Google Earth as has been said will help you see landmarks and even shallow areas.

This weekend with Poco and the Oilman's tourney going on might not be a good one to go though.

TH


----------



## worstSPECKanglerTX (May 30, 2012)

I can tell you from experience that if you are just learning a bay for the first time, you and each of your friends chunking a well known guide 100-150$ and splitting the cost from a guiding trip is going to get you there way easier and faster than spending 75-150$ on gas every single trip combined with your truck gas - and probably going through every headache imaginable which is usually eliminated on a well guided trip.

It's way worth it and I wish I would have done it for certain areas.


----------



## EBHunter (Jul 23, 2004)

Like TH said, it may not be the best weekend to go to West Bay. Launching and fishing in the Matagorda area will be crazy on Saturday.


----------



## bait buckit (Aug 30, 2011)

What kind of boat do you have


----------



## bait buckit (Aug 30, 2011)

If you have a shallow boat put in at river bin hit the new cut in to the diversion chanel stay in the middle once you pass the big poll you will start to see the pvc keep them on your left an stay close to them an dont head right till you pass the cone then youll be ok then hit the shore line you can stay fairlly close till you get to oil field then you need to get out to deep water to avod the bare at cottons an greens. Fishing is useally good there an like mac said watch for the sharks. Or hit the intercoastal an head out mad island an blast strait across good luck


----------



## bubbas kenner (Sep 4, 2010)

I fished it yesterday west matty was muddy.Put in at Russels' went with a guide it was a grind in that muddy water.It seems to be a place that is a must to be familiar with the reefs and other obstruction have a good GPS and mark your tracks.


----------



## ratherbfishinchick (Apr 5, 2011)

We've fished West Bay going on five years and have yet to come in contact with any sharks. Now there are getting to be more and more porpoises. If you're new to the bay I would defiantly go with someone that knows it your first run out. You have to watch the tides if your going out of the diversion channel. Good luck!


----------



## PutTheForearmOn_em!! (May 13, 2012)

I have been fishing matty for over 6 years now... and I havn't seen a SHARK not even one in the bay, and definitely no bulls.
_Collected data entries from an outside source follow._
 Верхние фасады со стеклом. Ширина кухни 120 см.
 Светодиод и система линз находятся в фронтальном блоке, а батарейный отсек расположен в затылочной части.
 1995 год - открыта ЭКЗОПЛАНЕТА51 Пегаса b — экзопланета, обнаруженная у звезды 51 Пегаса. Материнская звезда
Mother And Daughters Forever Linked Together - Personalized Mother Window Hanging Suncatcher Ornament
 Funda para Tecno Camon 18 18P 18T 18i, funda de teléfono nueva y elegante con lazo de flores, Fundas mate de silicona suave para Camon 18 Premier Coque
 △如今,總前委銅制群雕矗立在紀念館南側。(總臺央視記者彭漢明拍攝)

The surf is a different story. We fish east bay usually though so I don't have much help for you in West bay. Sorry.... and GOOD LUCK AND TIGHT LINES


----------



## Smackdaddy53 (Nov 4, 2011)

PutTheForearmOn_em!! said:


> I have been fishing matty for over 6 years now... and I havn't seen a SHARK not even one in the bay, and definitely no bulls. The surf is a different story. We fish east bay usually though so I don't have much help for you in West bay. Sorry.... and GOOD LUCK AND TIGHT LINES


West matagorda bay! Not east matagorda. Whoever says theres no sharks there is crazy. I can understand not seeing them but theyre around. West matty has the jetties right around the corner. Nearly every trip out there in the early morning when its calm in the summer ive seen bulls working the shallows. Like trouthunter stated, west matty is overall deeper than east matty and more open, i guess thats why there are more men in grey suits. Not trying to scare anyone off, just stating a fact. Ive fished west matty since the late 80's but more in the last ten years. The jetties and pass cavallo are full of them

-mac-


----------



## fattyflattie (May 20, 2008)

There's actually no fish there so please keep going strait to POC j/k. 

As mentioned study google earth it will help tremendously. Cottons and Greenes are parking lots so if you can find somewhere close it's not as bad. 
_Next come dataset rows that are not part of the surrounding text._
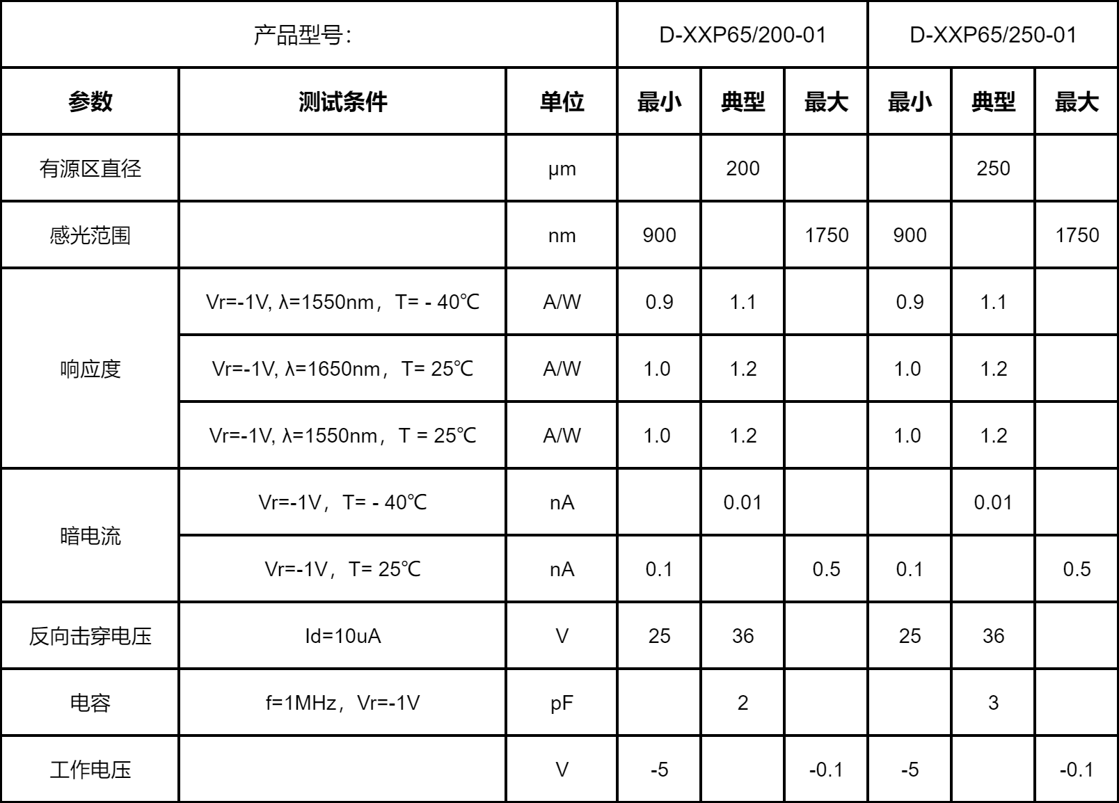 产品中心 首页 产品中心 智能传感 1654nm PD光电二极管芯片系列 超低暗电流PD是一款正照式光电二极管芯片,工作波长优化在1654nm,导电衬底,一个电极,光敏面尺寸200um、250um。 产品特点 高响应度 超低暗电流 扩展工作波长 应用领域 光功率计 仪器仪表 激光雷达 产品性能指标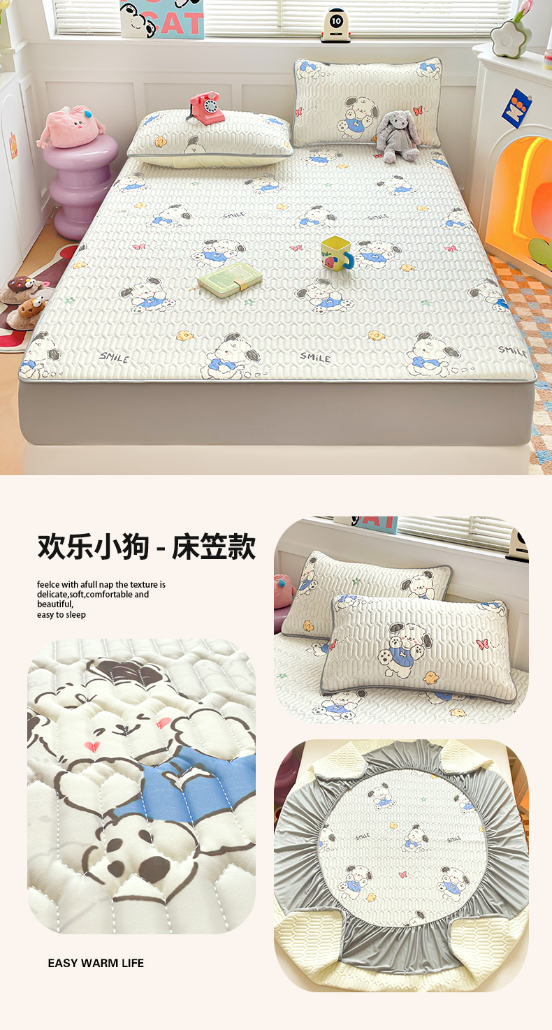 商品名称:米帛家纺 2024新款A类凉感丝卡通乳胶凉席-床笠款 欢乐小狗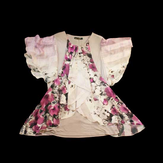 This is a ladies' blouse that is made of 90% cotton and 10% viscose. This unique blouse features short sleeves and a ruffled front and a classic round neckline. The multi-colored floral prints add extra elegance to the look of this blouse.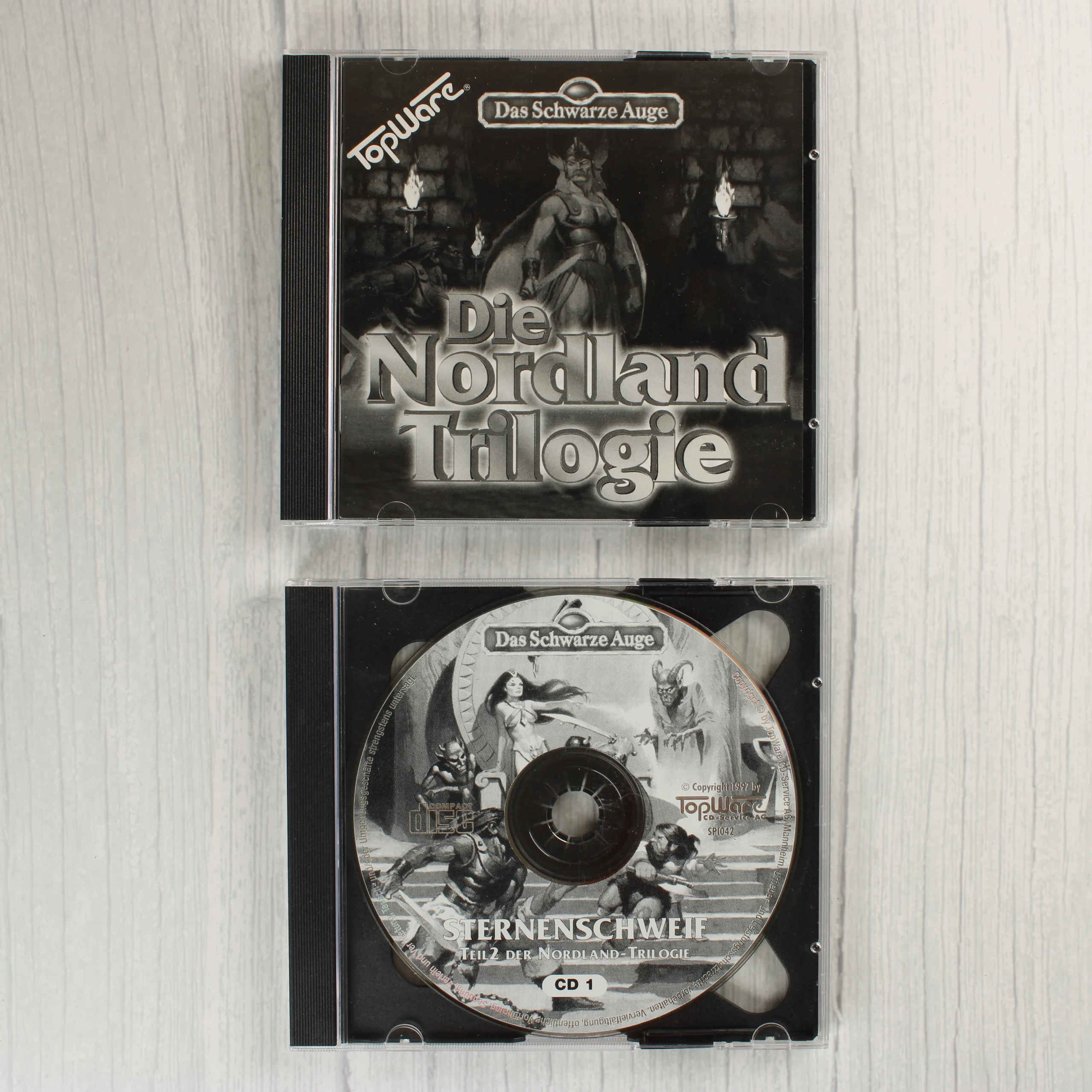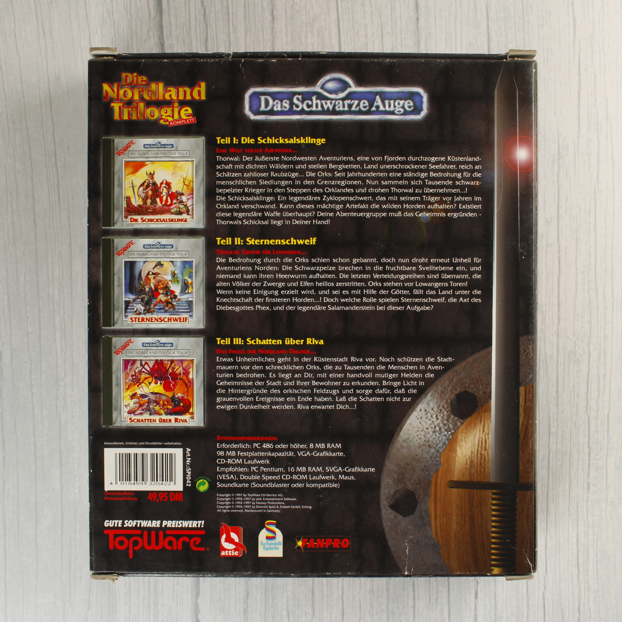 A Das Schwarze Auge: Die Nordland Trilogie Komplett egy német nyelvű PC-s videójáték-gyűjtemény, amely három klasszikus szerepjátékot tartalmaz: Die Schicksalsklinge, Sternenschweif és Schatten über Riva. A csomag egy nagyméretű kartondobozból, egy kiegészítő könyvből (Clue-Book) és több CD-ROM-ból áll, amelyek normál CD-tokokban kaptak helyet. A doboz grafikája színes, harcosokat és fáklyákkal megvilágított belső tereket ábrázol. A hátoldalon részletes német nyelvű leírás olvasható a játékokról és a rendszerkövetelményekről. A lemezek felülete fekete-fehér illusztrációkkal díszített. A csomag tartalmazza a TopWare kiadó logóját és a Schmidt Spiele emblémáját is. A kiadvány az 1990-es évek végéről származik.

If you have a skinny rig take the diversion channel as you'll want a deeper v if you run out the ditch. This bay gets big quick out in the middle. 

Please just be courteous while out there. I've been cut off, run up on, and just generally f'd over more in that bay than any other. :headknock


----------



## Trouthunter (Dec 18, 1998)

LOL! Smack he's never pulled a wade in July between Green's and Cotton's. 

It's not if you'll see a shark while wading there, it's when. Hopefully you see it before it gets your fish lol.

8' Bulls are the norm as are those pesky little sand sharks.

TH


----------



## worstSPECKanglerTX (May 30, 2012)

If you wade much at all sharks aren't even worth talking or worrying about to be honest. As someone else on here said, it's not if you will see them it's when and what's funny is that they are all around you when you wade and most people will never see 1/1000000th of the sharks that have seen them.

The big worry and anyone that has waded a decent amount knows this, is stingrays or drowning in an area that holds a good current considering most wade fisherman do not even wear a PFD.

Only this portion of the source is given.